Exercise objective: Find the line with "Sikorsky Aircraft logo" in the data below. Repeat it and every line after it up to the end, exactly, but drop the pictures.

Given data:

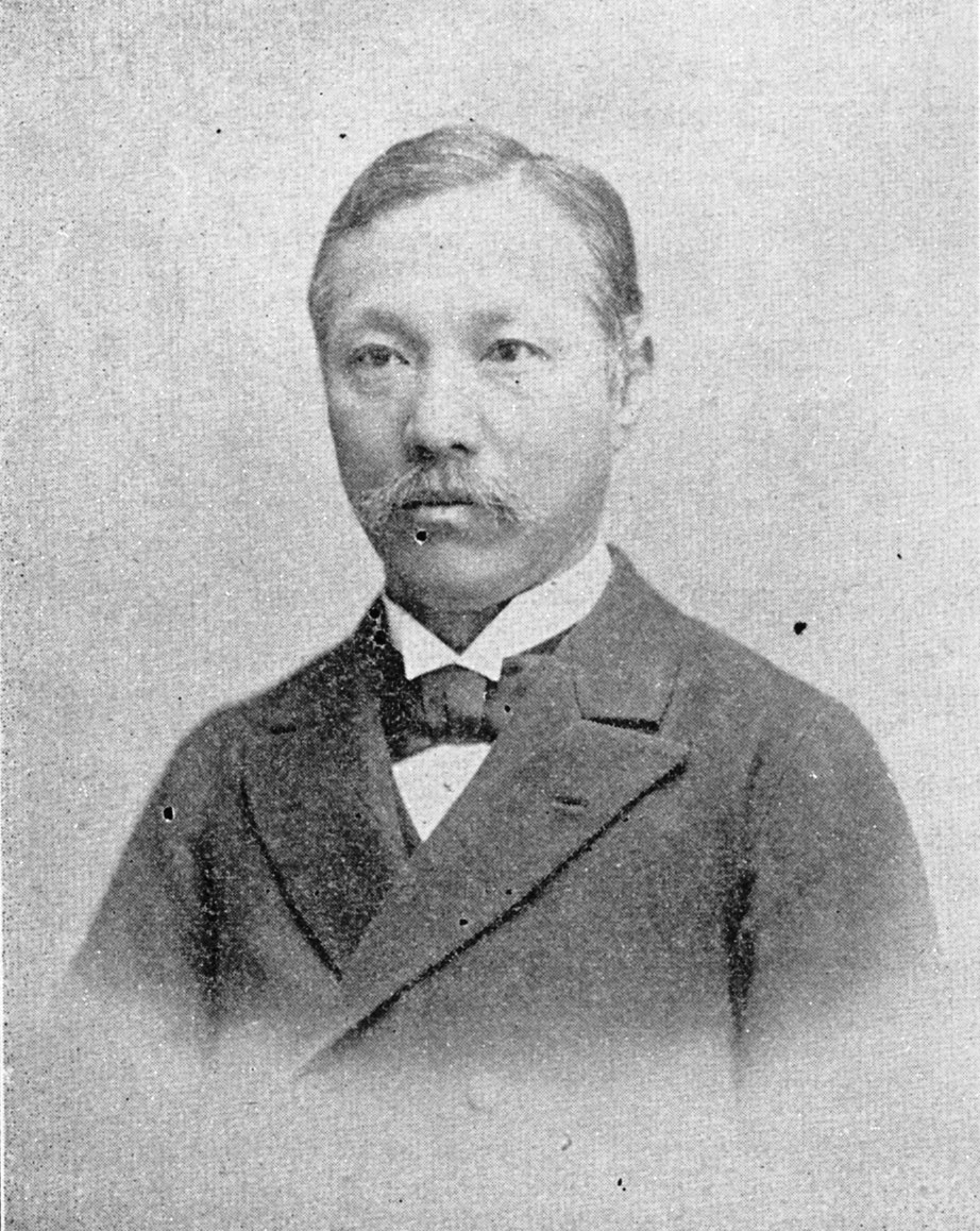 Matsudaira_Masanao, the Vice-Minister of the Home Affairs
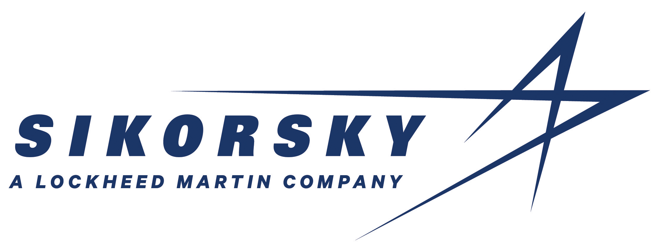 Sikorsky Aircraft logo
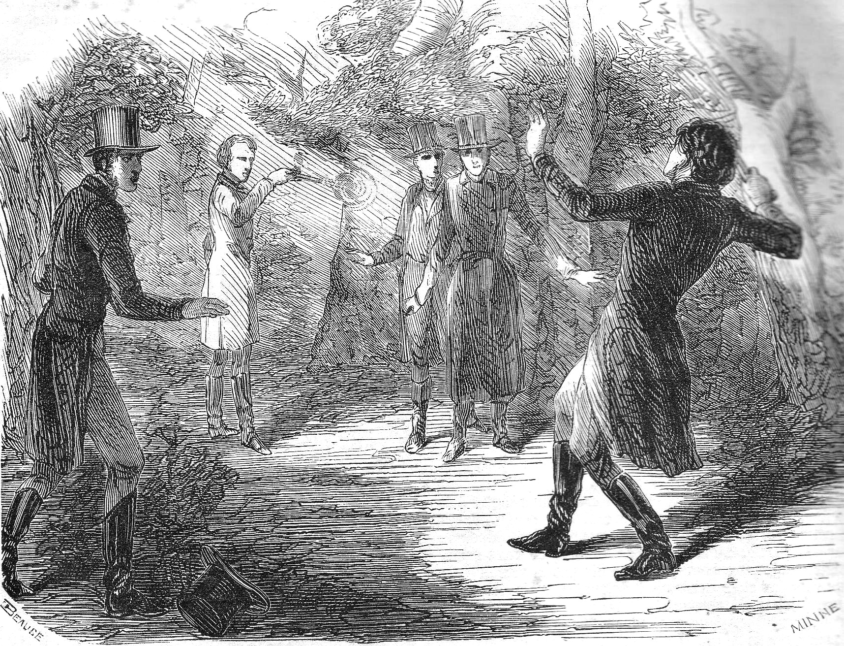 Two protagonists clash gun before three witnesses.

Solution to this task:
 Sikorsky Aircraft logo
 Two protagonists clash gun before three witnesses.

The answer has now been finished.